Dataset items:
######

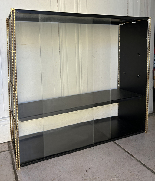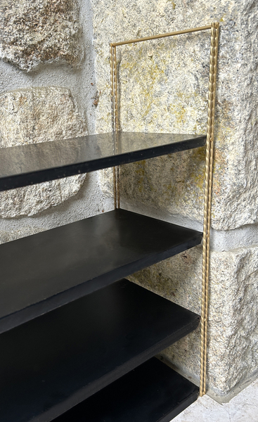 Deux étagères en métal laqué noir et montants de métal doré torsadés.
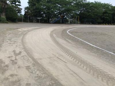 「子どもたちが少しでも走りやすくなるように」との思いから、トラックを何周もブラッシングしてくださいました。有難いことです。
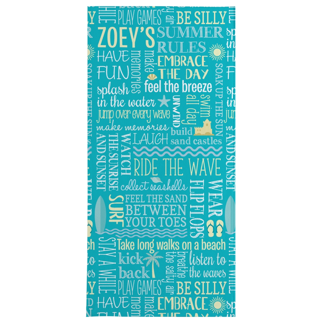 Heading to the beach? Our towel promises to remind everyone of the official “rules” that guarantee a summer filled with sun and fun. Exclusively from Personal Creations.
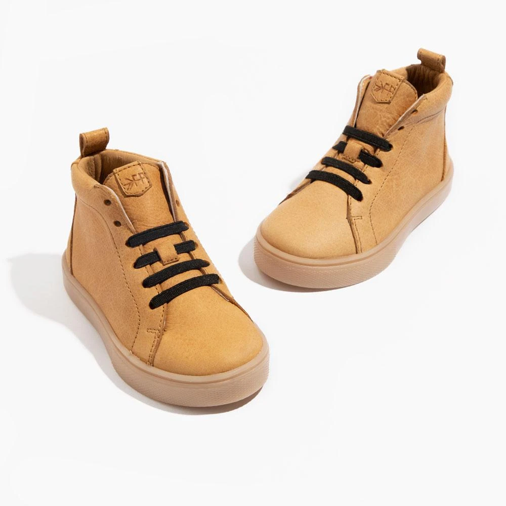 Our newest kid’s sneaker is an absolute must have! These adorable shoes come in our fan favorite genuine Beehive State leather. This neutral boot goes with everything featuring black elastic laces for an easy on/off experience perfect for growing toddlers complete with matching rubber soles ready for every adventure.
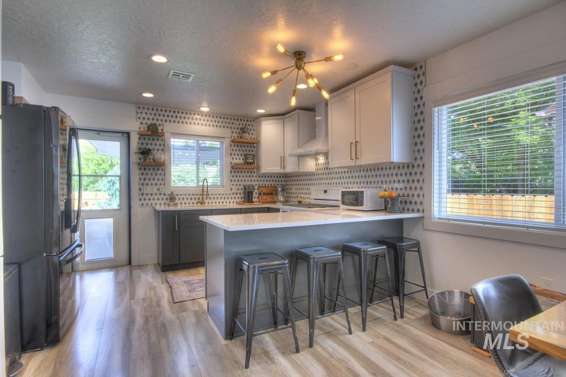 This gorgeous bench home sits close to Boise`s Green Belt and is nicely situated on a spacious lot. Perfectly situated for strolls or bike rides along the greenbelt and Boise River. Nicely remodeled, this 4 bedroom, 3 bathroom home has a detached 2-car garage with a spacious shop area, a large backyard with a deck and fire pit, fully fenced, beautifully landscaped with pavers and curbing, cozy kitchen with quartz countertops and pantry cabinets, upstairs bedrooms with luxury vinyl plank flooring, master bathroom with walk-in shower, office space and second living area located in the finished basement, partial wrought-iron fence surrounding the front yard, this home has just about everything you could want. See today!

######

DESCRIPTION OF THE TASK:
The lines needed run from the first line of the records through the line containing "Our newest kid’s", both included. Restate them word for word, without pictures.

SOLUTION FOR THIS TASK:
 Deux étagères en métal laqué noir et montants de métal doré torsadés.
 「子どもたちが少しでも走りやすくなるように」との思いから、トラックを何周もブラッシングしてくださいました。有難いことです。
 Heading to the beach? Our towel promises to remind everyone of the official “rules” that guarantee a summer filled with sun and fun. Exclusively from Personal Creations.
 Our newest kid’s sneaker is an absolute must have! These adorable shoes come in our fan favorite genuine Beehive State leather. This neutral boot goes with everything featuring black elastic laces for an easy on/off experience perfect for growing toddlers complete with matching rubber soles ready for every adventure.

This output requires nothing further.